Austin Energy operates the most successful utility sponsored green power programme in the United States. Representing 743 million kWh, the utility’s GreenChoice® Program delivers electricity generated from renewable sources to subscribing homes and businesses. With an eye to the future, Austin Energy’s PHEV pilot project is preparing the utility for the day when their customers begin driving electric vehicles. By managing when charging behaviour occurs, Austin Energy could easily be “fueling” transportation in the City of Austin with clean, renewable energy, while minimising the impact of the added load on their grid infrastructure.

While plug-in vehicles hold great promise, we must have an infrastructure that’s ready to support them. “Smart grid technologies are going to be essential if we’re going to maximise the potential of plug-in electric vehicles,” wrote Sen. Maria Cantwell in an op/ed prior to the National Smart Grid Conference she hosted in April in Spokane, Washington. “As we develop new plug-ins and other modes of transportation, we’re going to need a much smarter grid to accommodate their use, lower driving costs and greenhouse gas emissions.”

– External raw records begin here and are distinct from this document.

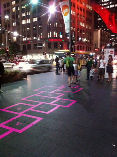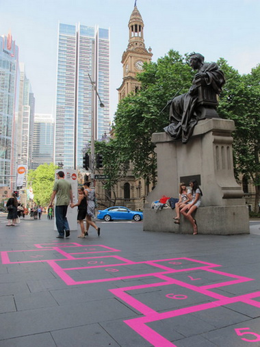 HASSELL通過Walk the Line這項作品,使城市空間重新煥發生機,簡單地在畫畫線,就可以將選定的區域轉變成為游戲空間。街角變成跳房子區、網球場、彈球場;樓梯變成瀑布,十字路口成了大型電玩場地。
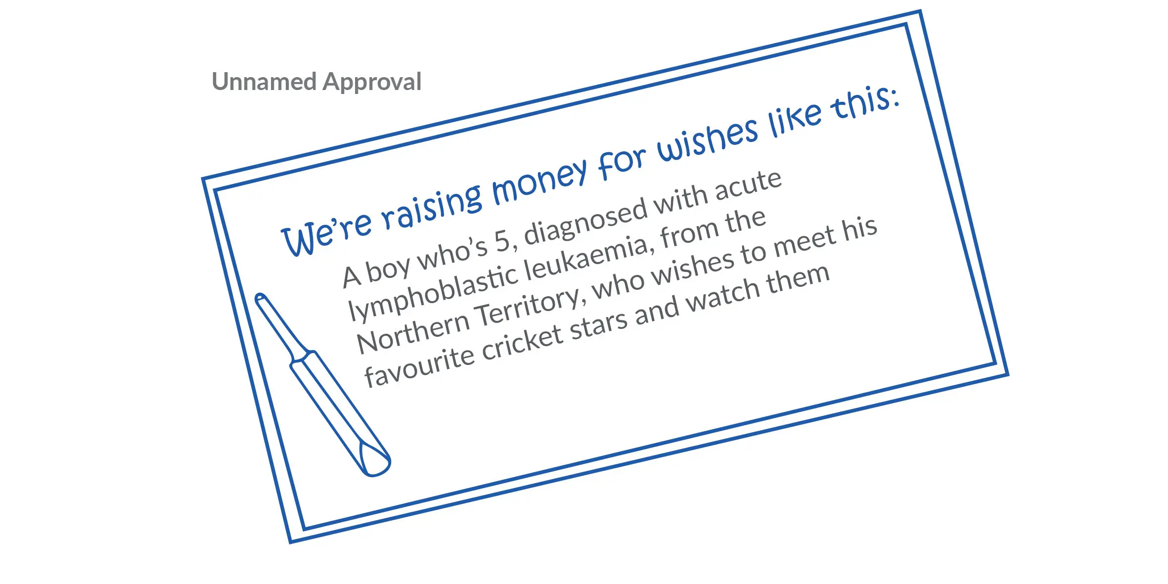 Your wish story could appear in places like our website, on our social media channels and in our newsletters. It might also be printed onto leaflets and banners for use at different events.
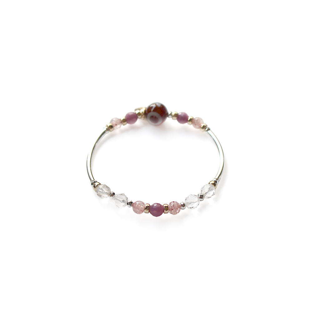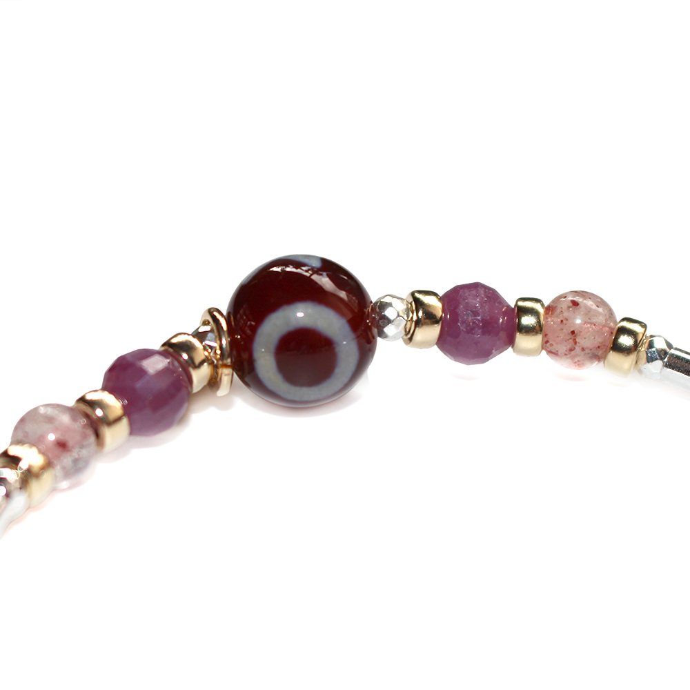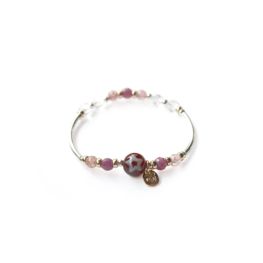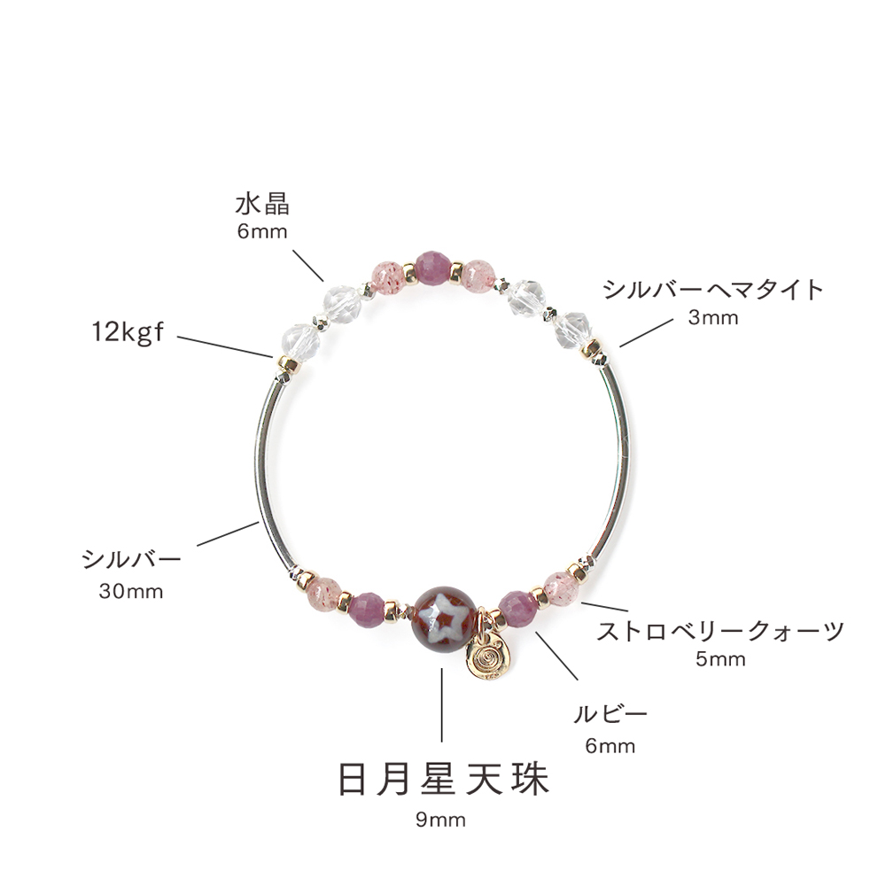 太陽(陽)、月(陰)は調和を表し恋愛成就・運勢を大上昇させ、星(宇宙)のエネルギーにより願望を叶えるといわれている日月星天珠に、勝利の石と呼ばれ、生命力アップ・魔除け・情熱や深い愛情の象徴とされるルビー、恋愛成就のお守りとされ、幸運・チャンスを運ぶ、勝利の女神が宿る石といわれているストロベリークォーツ、潜在能力を活性化させ、魔除けの作用を持つ万能パワーストーンとされる水晶などを組み合わせたブレスレットです。

Utilities are continuing to test the technology; this year Puget Sound Energy, BC Hydro, ComEd and Con Edison will be initiating plug-in trials. Government must also develop programmes and incentives that help electric utilities quickly adopt information technology to the power grid. The $2.4 billion in stimulus funds recently allocated with the goal of helping to get more plug-in vehicles on the roads is a very encouraging and welcome step.